Projects are often done in collaboration with an industry sponsor and supported by NSERC, FRQNT, or Mitacs. Support of both industry partners and government funding agencies is graciously acknowledged.

For a list of publications related to these projects, see google scholar.

Current Projects

  • Invariant State Estimation Methods

Extension and application of the invariant extended Kalman filter on matrix Lie groups. For example, invariant forms of batch estimation, SLAM, monocular-IMU navigation, and others.
  • Autonomous Underwater Vehicle (AUV) Navigation

Using a laser scanner, DVL, and IMU, ascertain the position of an AUV, as well as map the surrounding underwater environment.
  • Industrial Robot Control

Design of high-performance control architectures for ultra-compact industrial robot arms. Reduce gearbox-induced vibration as well as increase frequency of pick-and-place operations.
  • Koopman-operator-based Nonlinear System Identification

Koopman operator theory for data driven modelling and control for nonlinear systems.
  • Navigation and Control of Robotic Networks using UWB Signals

Research and development of state-estimation and formation control algorithms for groups of robots using UWB signals for localization. In collaboration with the Mobile Robotics and Autonomous Systems Laboratory, École Polytechnique, Montréal.
  • Dynamic SLAM for Ground Vehicles

Stereo SLAM as well as dynamic object tracking for ground vehicles in invariant framework.
  • Linear System Identification of Viscoelastic Tissue

Building models for haptic feedback and control in spinal interbody fusion surgical simulations.
  • State Estimation using Thermal Imaging

Homography estimation and robot navigation using thermal cameras.

Past Projects

  • Constrained Filtering in Rail Environments

When GPS data is poor or unavailable, estimate a train's position using an IMU only.
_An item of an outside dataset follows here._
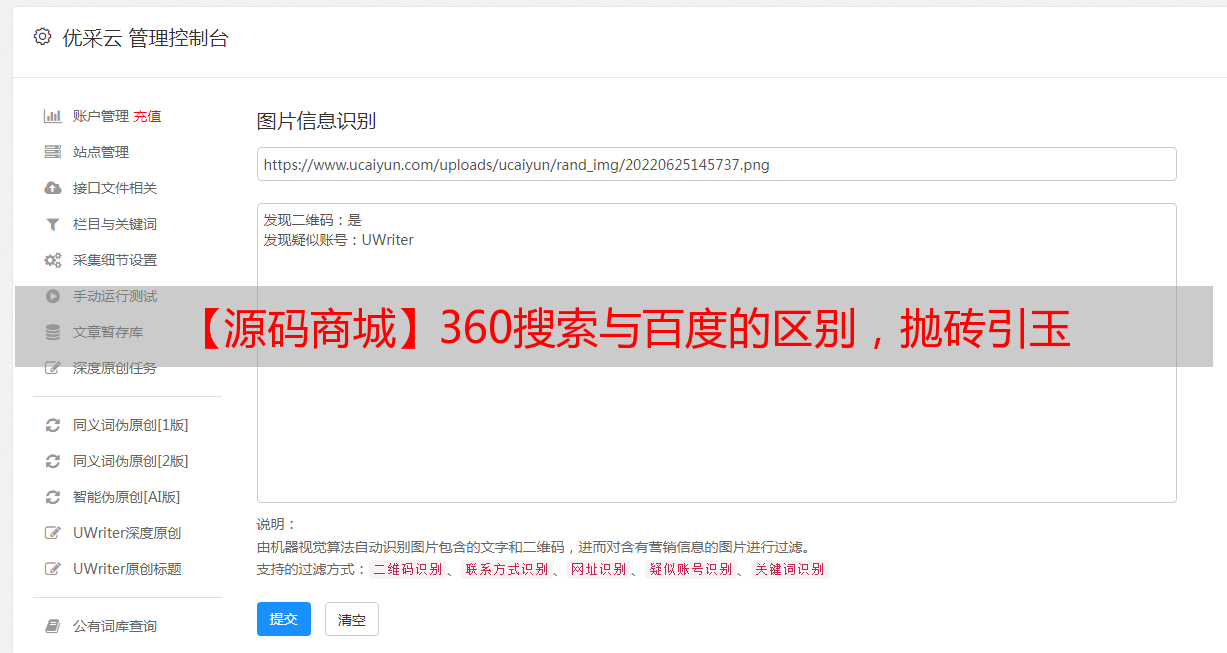 优采云 发布时间: 2021-05-23 02:17【源码商城】360搜索与百度的区别,抛砖引玉

Specifically, exploit the fact the train is constrained to a railway track with unique features (e.g., unique curvature, grade, etc.)
  • Control of Industrial Crane Systems

Research and implementation of fully autonomous feedback control strategies for industrial crane systems.
  • LIDAR-Inertial-Visual Navigation

Develop a tightly-coupled Visual-Inertial-LIDAR simultaneous localization and mapping (SLAM) algorithm for unmanned aerial vehicle (UAV) partnership with ARA Robotique.
  • Control of Nonlinear, Viscoelastic Tissues

Develop a system that can test mechanical and contractile functionality of human or animal muscle tissues while exposed to drugs, biological mediators, and/or environmental factors.
  • DReCon: Data-Driven Responsive Control of Physics-Based Characters

An reinforcement-learning (RL) based method of controlling physically simulated humanoids that learns from unstructured motion-capture, emphasizing responsiveness to user input, quality, and low runtime cost for application in video-games.
  • Unconventional Unmanned Aerial Vehicle (UAV) NGC

Research on navigation, guidance, and control (NGC) of unconventional VTOL UAVs, focus on real-time estimation of wind velocity using standard sensors onboard a UAV. Use of machine learning techniques.
  • Guidance and Nonlinear Control of Multicoptors

Guidance and control of multicopter landing using MPC on matrix Lie group.